Paquetes Requeridos
library(ggplot2)
library(tidyr)
library(gridExtra)
library(rstanarm)
library(rstan)
library(bayesplot)
theme_set(theme_minimal()) #ggplot theme
rstan_options(auto_write = TRUE)
options(mc.cores = parallel::detectCores())
setwd("C:/Users/Cristhian/Desktop/Rstan")
El presente Código muestra un análisis de series de tiempo del número de muertes ocurridas por accidentes de tránsito al año en Finlandia.
Importamos el registro de muertes por accidente de tránsito en Finlandia desde el año 1993 al 2016
deaths <- read.csv("./trafficdeaths.csv")
head(deaths)
## year deaths
## 1 1993 434
## 2 1994 423
## 3 1995 411
## 4 1996 355
## 5 1997 391
## 6 1998 367
Realizando un gráfico para observar la distribución de los datos
ggplot() +
geom_point(aes(year, deaths), data = deaths, size = 1) +
labs(y = 'Muertes por accidentes de Tránsito', x= "Año") +
guides(linetype = F)
El número de muertes son count data (datos en el que las observaciones solo son valores enteros no negativos), por lo que usamos el modelo Poisson. Primero Fijamos el modelo log-lineal para la intensidad de Poisson, que corresponde a suponer un cambio proporcional constante.

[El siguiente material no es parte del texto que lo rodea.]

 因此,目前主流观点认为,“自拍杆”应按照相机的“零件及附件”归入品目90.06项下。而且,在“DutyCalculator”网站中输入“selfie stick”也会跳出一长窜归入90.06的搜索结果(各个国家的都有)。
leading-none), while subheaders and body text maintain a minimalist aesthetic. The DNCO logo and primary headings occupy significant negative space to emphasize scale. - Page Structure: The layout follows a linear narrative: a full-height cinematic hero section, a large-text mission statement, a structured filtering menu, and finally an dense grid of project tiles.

fit_lin <- stan_glm(deaths ~ year, data=deaths, family="poisson",
refresh=100, iter=1000, chains=4, seed=1234, refresh=0)
Veamos la distribución predictiva posterior (mediana e intervalos de 5% y 95%).

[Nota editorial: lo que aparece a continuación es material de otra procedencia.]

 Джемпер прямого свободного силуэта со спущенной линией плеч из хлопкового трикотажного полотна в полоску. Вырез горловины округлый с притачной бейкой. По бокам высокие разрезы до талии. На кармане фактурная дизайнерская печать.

x_predict <- seq(1993,2025)
N_predict <- length(x_predict)
y_predict <- posterior_predict(fit_lin, newdata=data.frame(year=x_predict))
mu <- apply(t(y_predict), 1, quantile, c(0.05, 0.5, 0.95)) %>%
t() %>% data.frame(x = x_predict, .) %>% gather(pct, y, -x)
pfit <- ggplot() +
geom_point(aes(year, deaths), data = deaths, size = 1) +
geom_line(aes(x, y, linetype = pct), data = mu, color = 'blue') +
scale_linetype_manual(values = c(2,1,2)) +
labs(x = 'Año', y = 'Muertes por accidentes de Tránsito') +
guides(linetype = F)
(pfit)
A continuación, ajustamos un modelo “spline no lineal” con stan_gamm4 (permite que los predictores designados tengan un efecto no lineal)
fit_gam <- stan_gamm4(deaths ~ year + s(year), data=deaths,
family="poisson", adapt_delta=0.999,
refresh=100, iter=1000, chain=4, seed=1234, refresh=0)
monitor(fit_gam$stanfit)
## Inference for the input samples (4 chains: each with iter = 1000; warmup = 0):
##
## Q5 Q50 Q95 Mean SD Rhat Bulk_ESS Tail_ESS
## (Intercept) -71.0 41.7 145.3 41.2 73.1 1 526 520
## year -0.1 0.0 0.0 0.0 0.0 1 526 520
## s(year).1 -0.7 0.1 1.1 0.1 0.6 1 1444 1259
## s(year).2 -1.6 -0.4 0.2 -0.5 0.6 1 1005 1266
## s(year).3 -1.0 -0.1 0.6 -0.2 0.5 1 1383 1444
## s(year).4 -0.5 0.0 0.7 0.1 0.4 1 1653 1543
## s(year).5 -0.8 -0.1 0.4 -0.2 0.3 1 1546 1421
## s(year).6 0.1 0.5 0.9 0.5 0.2 1 707 678
## s(year).7 -0.1 0.2 0.5 0.2 0.2 1 1139 1755
## s(year).8 -0.9 -0.3 0.1 -0.4 0.3 1 855 1387
## s(year).9 -2.0 0.0 2.0 0.1 1.3 1 588 574
## smooth_sd[s(year)1] 0.1 0.5 1.1 0.5 0.3 1 417 605
## smooth_sd[s(year)2] 0.1 0.7 2.8 1.0 0.9 1 828 792
## mean_PPD 319.9 329.2 338.3 329.2 5.4 1 2238 1711
## log-posterior -134.5 -127.9 -123.5 -128.3 3.4 1 407 806
##
## For each parameter, Bulk_ESS and Tail_ESS are crude measures of
## effective sample size for bulk and tail quantities respectively (an ESS > 100
## per chain is considered good), and Rhat is the potential scale reduction
## factor on rank normalized split chains (at convergence, Rhat <= 1.05).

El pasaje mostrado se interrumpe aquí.